The Pirate Parrot is a costumed mascot of the Pittsburgh Pirates of Major League Baseball. He was introduced in 1979 in response to the popularity of the Phillie Phanatic introduced one year earlier, as the Pirates and Philadelphia Phillies had a fierce intrastate rivalry at the time.

History
The character of a parrot was derived from the classic story Treasure Island by Robert Louis Stevenson, most notably the one owned by Long John Silver named "Captain Flint".

The Parrot debuted on April Fools' Day, 1979 when he "hatched" at Three Rivers Stadium. That year, the "We Are Family" Bucs went on to win the World Series, with the Parrot serving as somewhat of a cheerleader to the crowd along the way.

His initial appearance bore more resemblance to The San Diego Chicken, being thinner and "meaner". He wore more pirate-related items such as a captain's hat and vest, and often waved a Jolly Roger around on a flag pole. Shortly before the Pittsburgh drug trials of 1985 (see below), the Parrot was redesigned to his current appearance, gaining weight and making him more goofy-looking in order for him to appeal to children more. In addition, he dropped the traditional pirate garb in favor of wearing a Pirates jersey and backwards baseball cap. In 1995, the Parrot was briefly paired with a secondary mascot, the Buccaneer, who was quickly dropped.

The Parrot has become a staple within the Pittsburgh region, often appearing at events and Pirates team functions. He often appears in ads for the team on television. He has been embraced more in Pittsburgh among older fans than Steely McBeam of the Pittsburgh Steelers, and along with Iceburgh of the Pittsburgh Penguins serves as one of two bird-based mascots in Pittsburgh.  In May 1986 the Pirate Parrot joined in the Pittsburgh section of Hands Across America.

The three Pittsburgh mascots have been known to "fight" each other. In 2008, a parody attack ad based on the then-upcoming Presidential election was made to "attack" the Parrot, due to the Pirates then-16 consecutive losing seasons while the Penguins went on to lose in the Stanley Cup Finals to the Detroit Red Wings earlier in the year. (The Pens would win the Stanley Cup the following year.) The following year, all three mascots took part in a groundbreaking of an expansion of the National Aviary in Pittsburgh, with Steely McBeam tossing dirt at the Parrot's feet.

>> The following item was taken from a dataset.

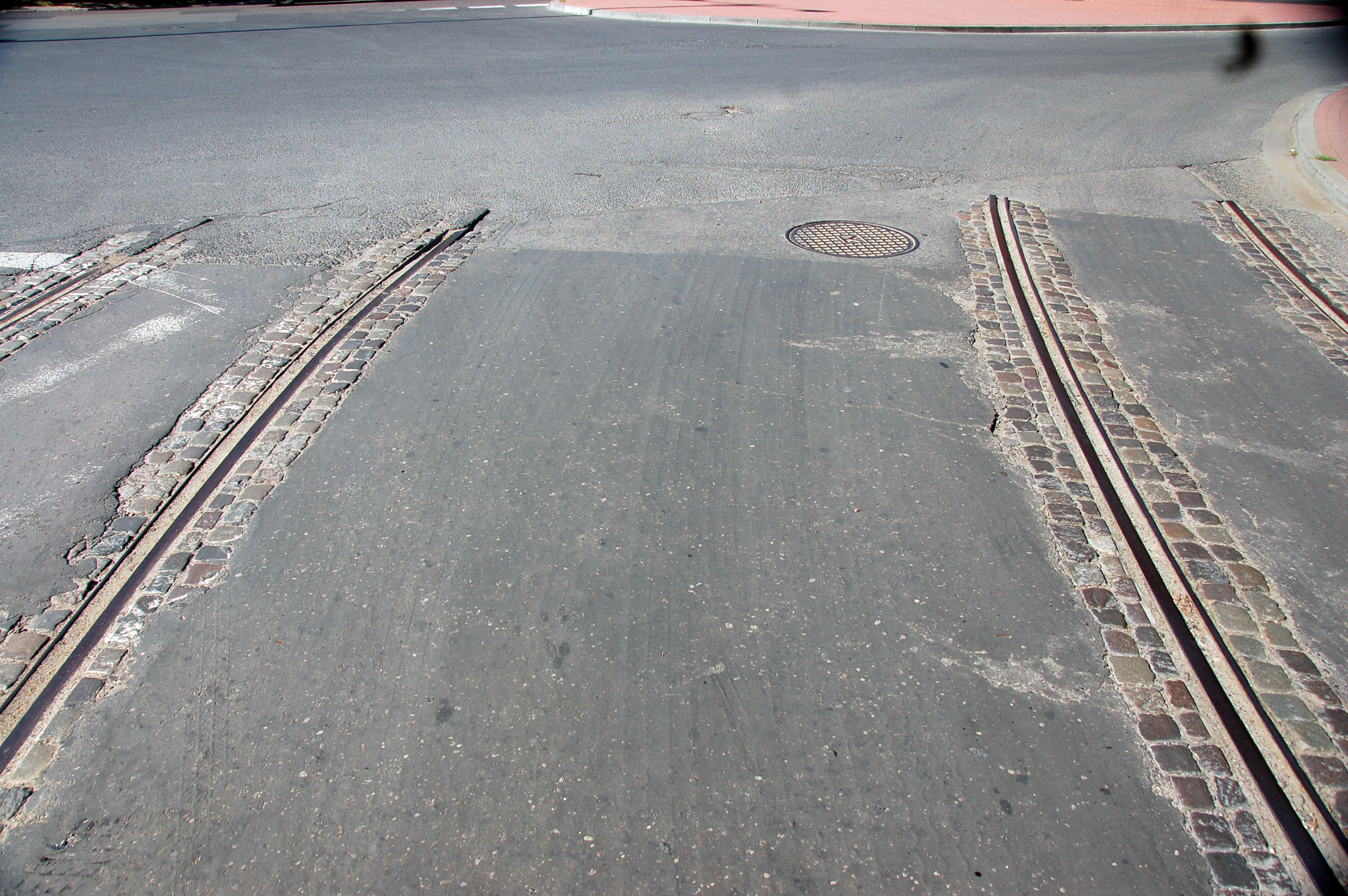 Picture taken in Gdańsk after Wikimania 2010 conference.

In some cases, the Parrot has accompanied the Pirates on road trips if the game is in close proximity to Pittsburgh. For instance, the Parrot appeared at two games for the Pirates during a weekend interleague series against the Cleveland Indians in Cleveland in 2012, with the Parrot having friendly interactions with the Indians mascot, Slider, and even assisting Slider in interfering with the Indians Hot Dog Race, much like what the Parrot does with the Great Pierogi Race.

According to the Parrot's biography on the Pirates official website, the Parrot hopes to eventually be inducted into the Mascot Hall of Fame. As of 2015, he has yet to be listed as a candidate, much less inducted.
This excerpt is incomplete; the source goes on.